#### SOURCE DATA:

=======

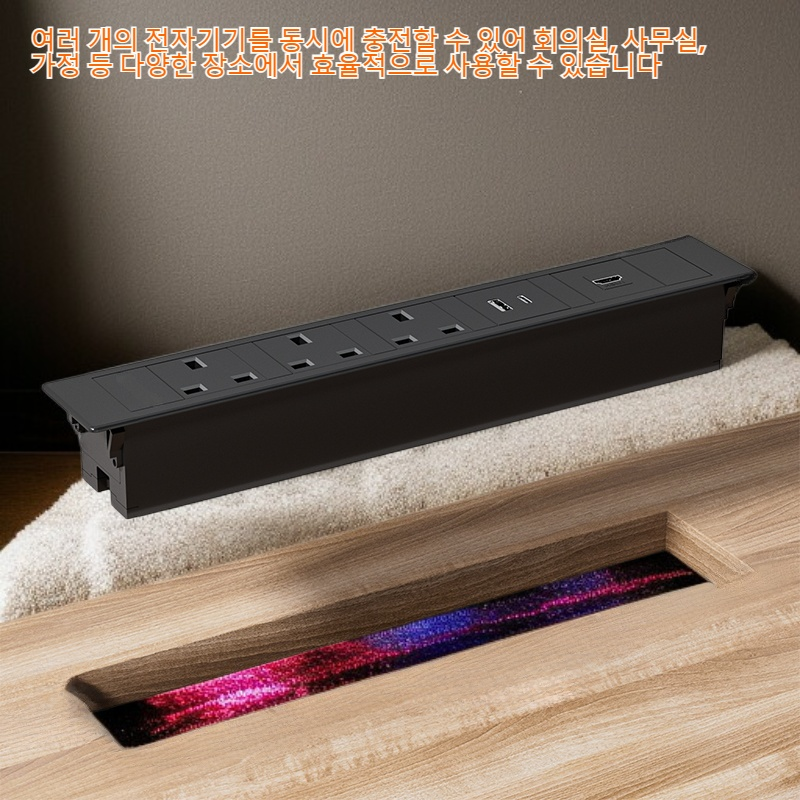 ● 테이블 위에 깔끔하게 설치되어 공간 활용도가 높고, 실내 인테리어에도 잘 어울리는 전원 콘센트입니다. ● 여러 개의 전자기기를 동시에 충전할 수 있어 회의실, 사무실, 가정 등 다양한 장소에서 효율적으로 사용할 수 있습니다. ● 안전한 설계와 과부하 방지 기능으로 전기 사용 시 걱정 없이 안심하고 사용할 수 있습니다. ● USB 포트가 내장되어 있어 스마트폰, 태블릿 등 다양한 디지털 기기를 별도의 어댑터 없이 바로 충전할 수 있습니다. ● 설치와 사용이 간편하여 누구나 손쉽게 사용할 수 있으며, 내구성이 뛰어나 오랜 기간 안정적으로 사용할 수 있습니다.
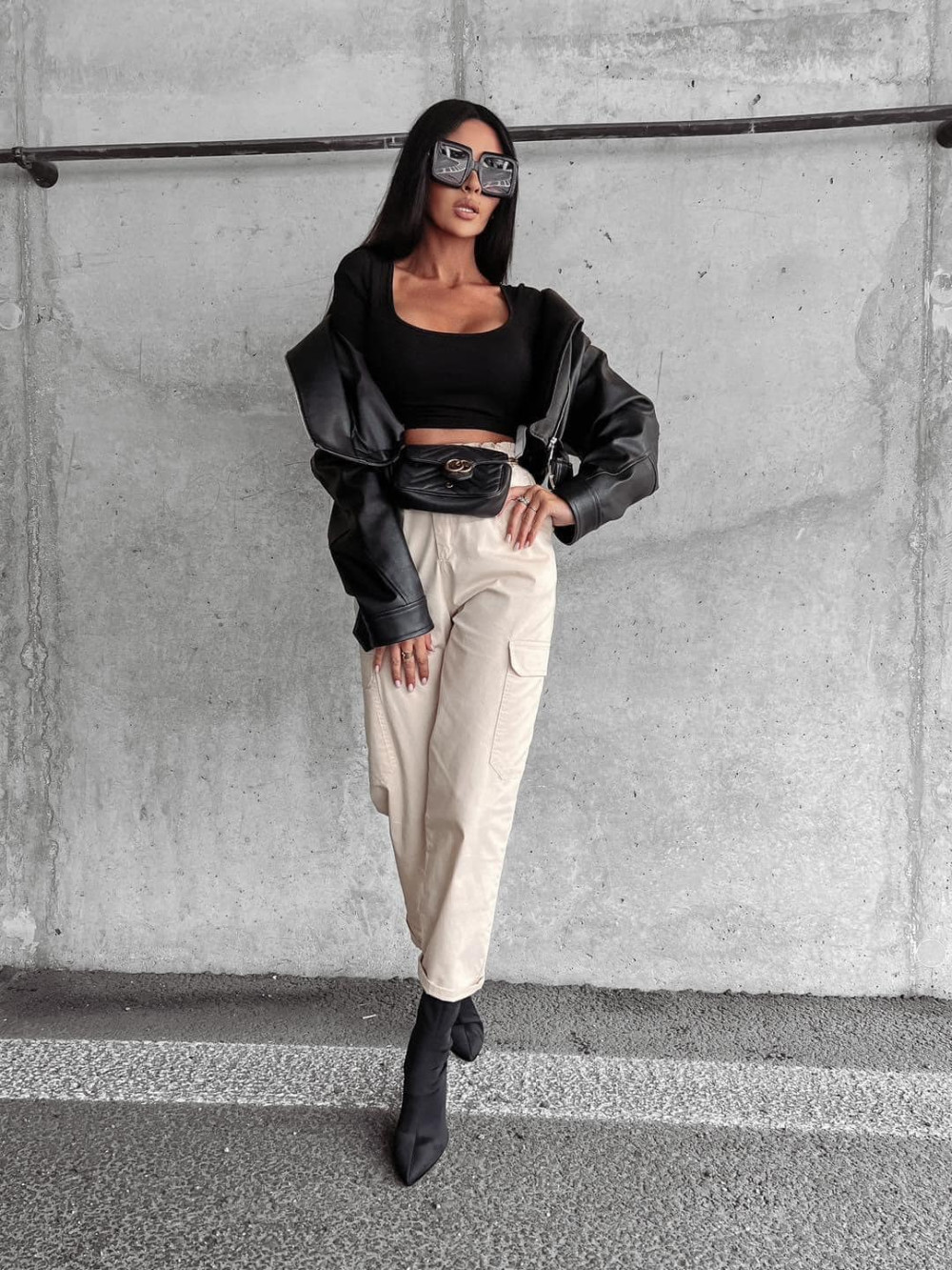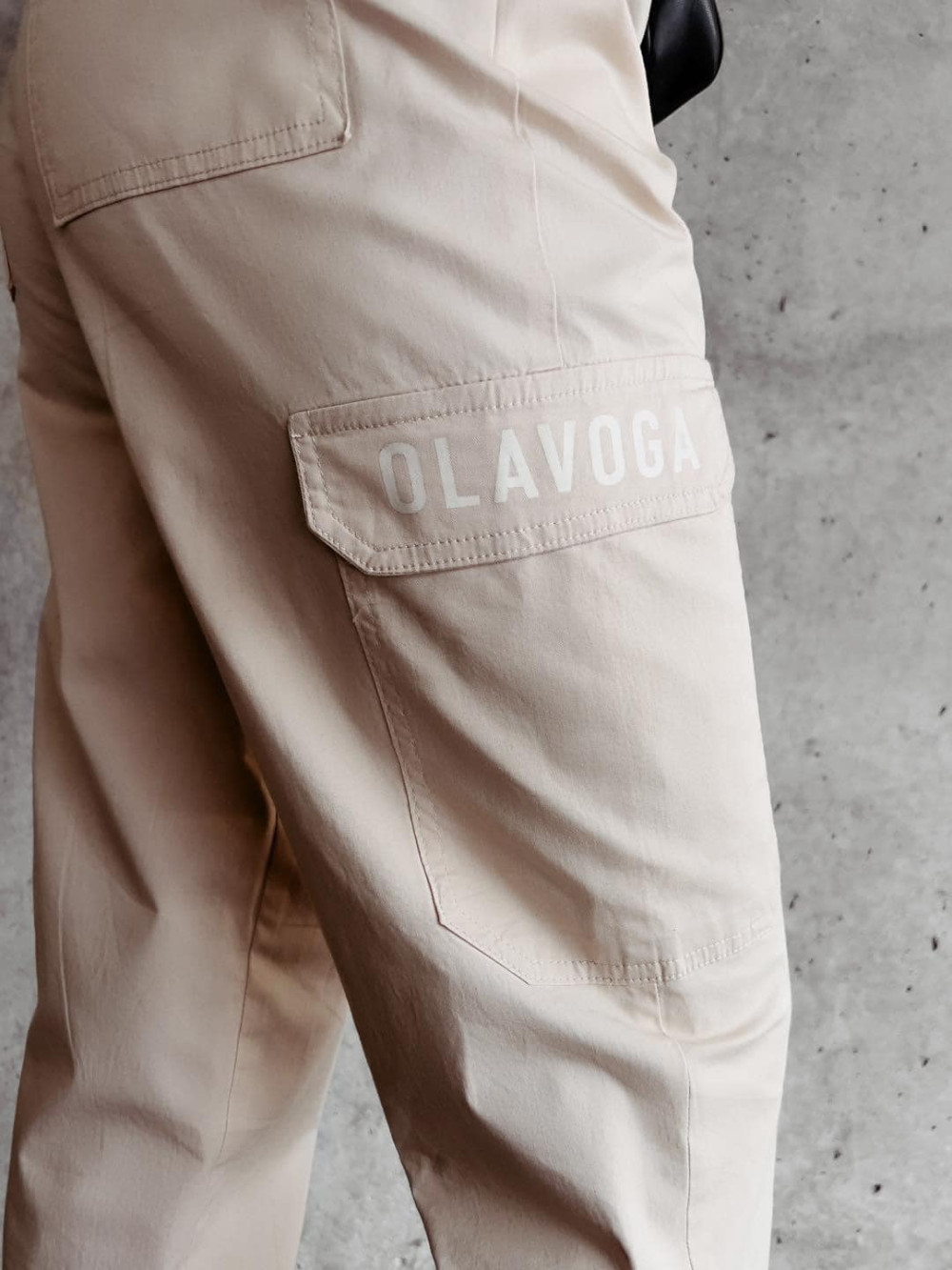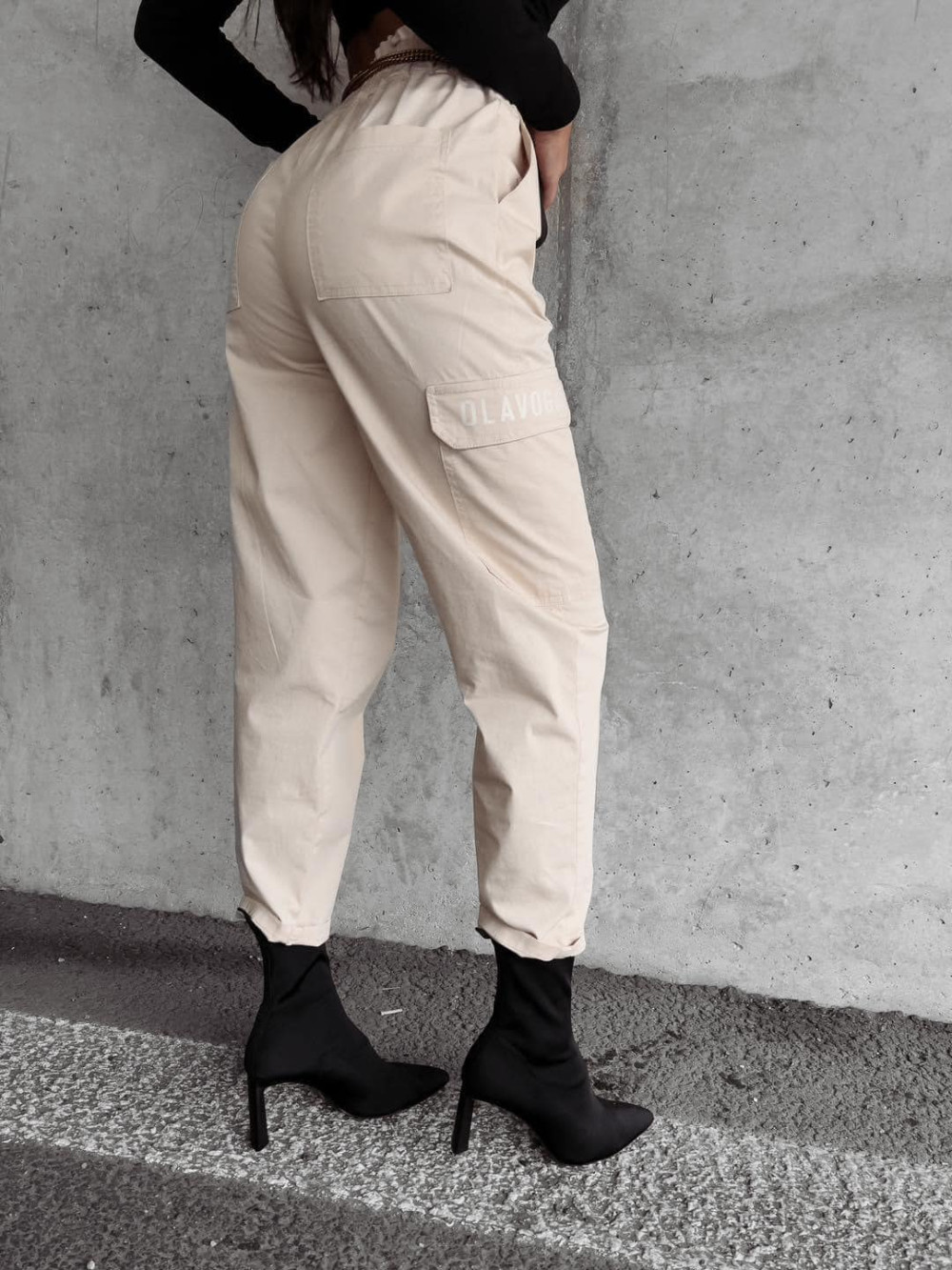 O'La Voga bézs színű, vásznas anyagú, derekán gumírozott és gombos, zsebes, magasított derekú, egyenes szárú nadrág.
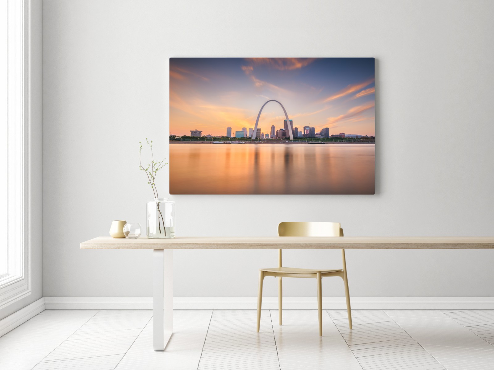 Erleben Sie die warme Stimmung von St. Louis bei Dämmerung mit diesem urbanen Stadtbild, das Gold- und Rosatöne über dem Mississippi einfängt.MehrWeniger
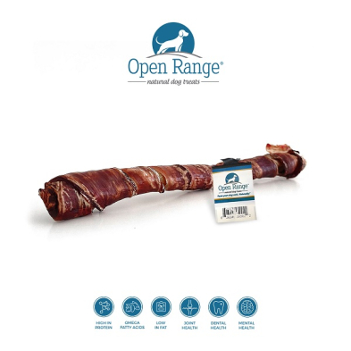 The Open Range Cheeky Bully Stick with Esophagus is made from 100% pure beef cheek meat and Beef Esophagus. Beef Esophagus has one of the highest contents of protein, while its low-fat profile makes it one of the most nutritious treats. This Cheeky Bully Stick looks like a Pizzle Bully Stick, and dogs love its great beefy taste! It chews like a Pizzle Bully Stick and is highly digestible. This is the NEXT Bully Stick!

=======

The material above should be returned exactly, without pictures.

 ● 테이블 위에 깔끔하게 설치되어 공간 활용도가 높고, 실내 인테리어에도 잘 어울리는 전원 콘센트입니다. ● 여러 개의 전자기기를 동시에 충전할 수 있어 회의실, 사무실, 가정 등 다양한 장소에서 효율적으로 사용할 수 있습니다. ● 안전한 설계와 과부하 방지 기능으로 전기 사용 시 걱정 없이 안심하고 사용할 수 있습니다. ● USB 포트가 내장되어 있어 스마트폰, 태블릿 등 다양한 디지털 기기를 별도의 어댑터 없이 바로 충전할 수 있습니다. ● 설치와 사용이 간편하여 누구나 손쉽게 사용할 수 있으며, 내구성이 뛰어나 오랜 기간 안정적으로 사용할 수 있습니다.
 O'La Voga bézs színű, vásznas anyagú, derekán gumírozott és gombos, zsebes, magasított derekú, egyenes szárú nadrág.
 Erleben Sie die warme Stimmung von St. Louis bei Dämmerung mit diesem urbanen Stadtbild, das Gold- und Rosatöne über dem Mississippi einfängt.MehrWeniger
 The Open Range Cheeky Bully Stick with Esophagus is made from 100% pure beef cheek meat and Beef Esophagus. Beef Esophagus has one of the highest contents of protein, while its low-fat profile makes it one of the most nutritious treats. This Cheeky Bully Stick looks like a Pizzle Bully Stick, and dogs love its great beefy taste! It chews like a Pizzle Bully Stick and is highly digestible. This is the NEXT Bully Stick!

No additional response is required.